A circle of radius $r$ has chords $\overline{AB}$ of length $10$ and $\overline{CD}$ of length 7. When $\overline{AB}$ and $\overline{CD}$ are extended through $B$ and $C$, respectively, they intersect at $P$, which is outside of the circle.

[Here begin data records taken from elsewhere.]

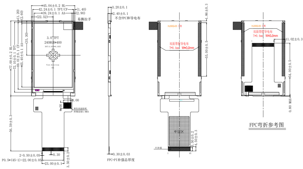 รายการ พารามิเตอร์ ขนาด 3.0 นิ้ว (แนวทแยง) ประเภทแผง IPS ความละเอียด 240 (RGB) * 400 (หรือที่รู้จักกันทั่วไปในชื่อ WQVGA) ประเภทอินเทอร์เฟซ อินเทอร์เฟซ SPI และอินเทอร์เฟซ MCU สถานะการจ่ายไฟ อุปทานระยะยาว
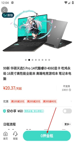 4、进入设备详情页,查看价格及优惠信息,点击0押金租按钮,即可发起该设备的租赁流程。
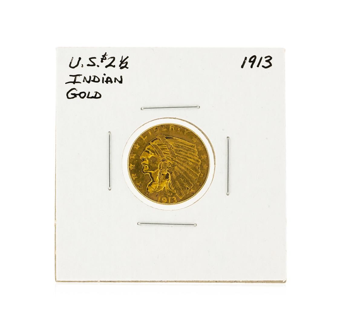 One 1913 $2 1/2 Indian Head Quarter Eagle Gold Coin.
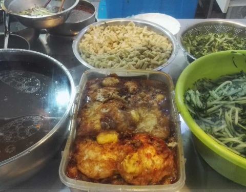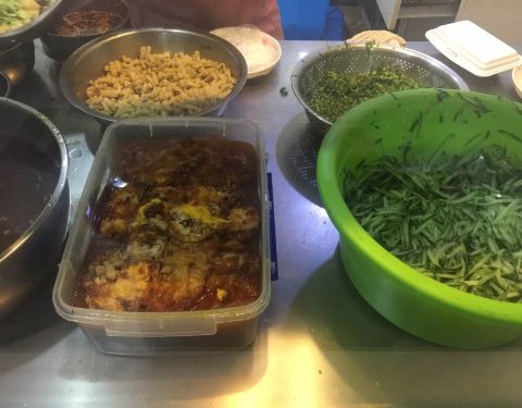 宝鸡张记凉皮可以说是南京玄武区四牌楼的一家“苍蝇小馆”。这家小馆是相当受欢迎的,这次过来时,想着学校(附近有南师附小、东南大学)放假了,门口在修路(进店要从踏板上过去),顾客应该不多,没想到到的小店里,依然是排着蛮长的队,好在店员操作得很快,一碗碗凉皮拌着飞快,很快就到我们了,还是按照惯常的那样,点了特色凉皮+鱼香鸡蛋的组合,口感依然蛮好的。
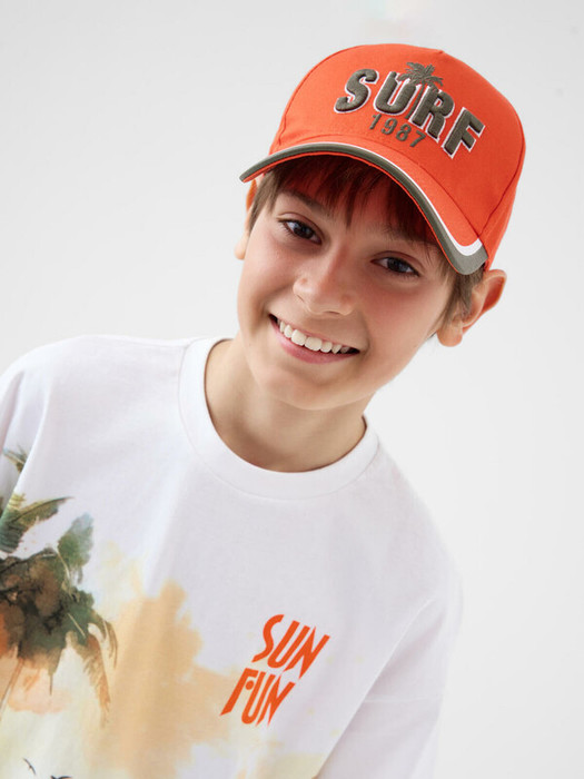 Бейсболка для мальчика подростка. Выполнена в ярком оранжевом цвете с жёстким изогнутым козырьком и контрастной отделкой по краю. Спереди — крупная вышивка, изображением пальмы. Сзади есть регулируемая застежка с металлической пряжкой. Вентиляционные отверстия.
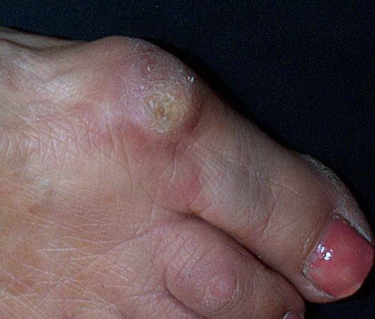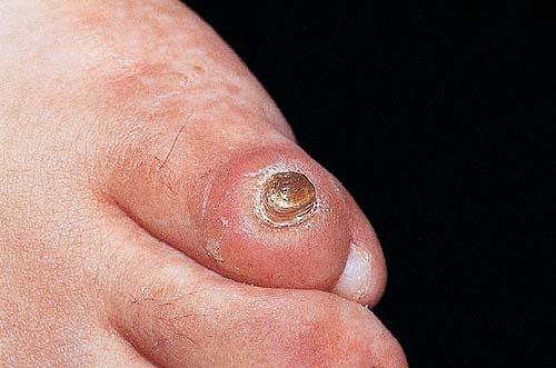 subhelomal bursitis and blistering that can rupture to the surface. Because of the close proximity of some corns to joints and bone, septic arthritis and/or osteomyelitis can ensue. The mechanical forces that cause corns and calluses can also rupture portions of the subcutaneous vascular plexus, which leads to hemorrhage into keratotic tissue. In healthy patients, such findings are of minor significance, but in other cases (e.g., in diabetic patients and patients with connective tissue disease), they may herald extensive skin ulceration or vasculitis.

If $\angle{APD}=60^\circ$ and $BP=8$, then $r^2=$

$\text{(A) } 70\quad \text{(B) } 71\quad \text{(C) } 72\quad \text{(D) } 73\quad \text{(E) } 74$

Solution

[asy]  import olympiad;  import cse5; import geometry; size(150); defaultpen(fontsize(10pt)); defaultpen(0.8); dotfactor = 4; path circ = Circle(origin, 1); pair A = dir(degrees(7pi/12)); pair D = dir(degrees(-5pi/12)); pair B = dir(degrees(2pi/12)); pair C = dir(degrees(-2pi/12)); pair P = extension(A, B, C, D); draw(circ); draw(A--P--D); label('$A$', A, N); label('$D$', D, S); label('$C$', C, SE); label('$B$', B, NE); label('$P$', P, E); label('$60^\circ$', P, 2 * (dir(P--A) + dir(P--D))); label('$10$', A--B, S); label('$8$', B--P, NE); label('$7$', C--D, N);  [/asy]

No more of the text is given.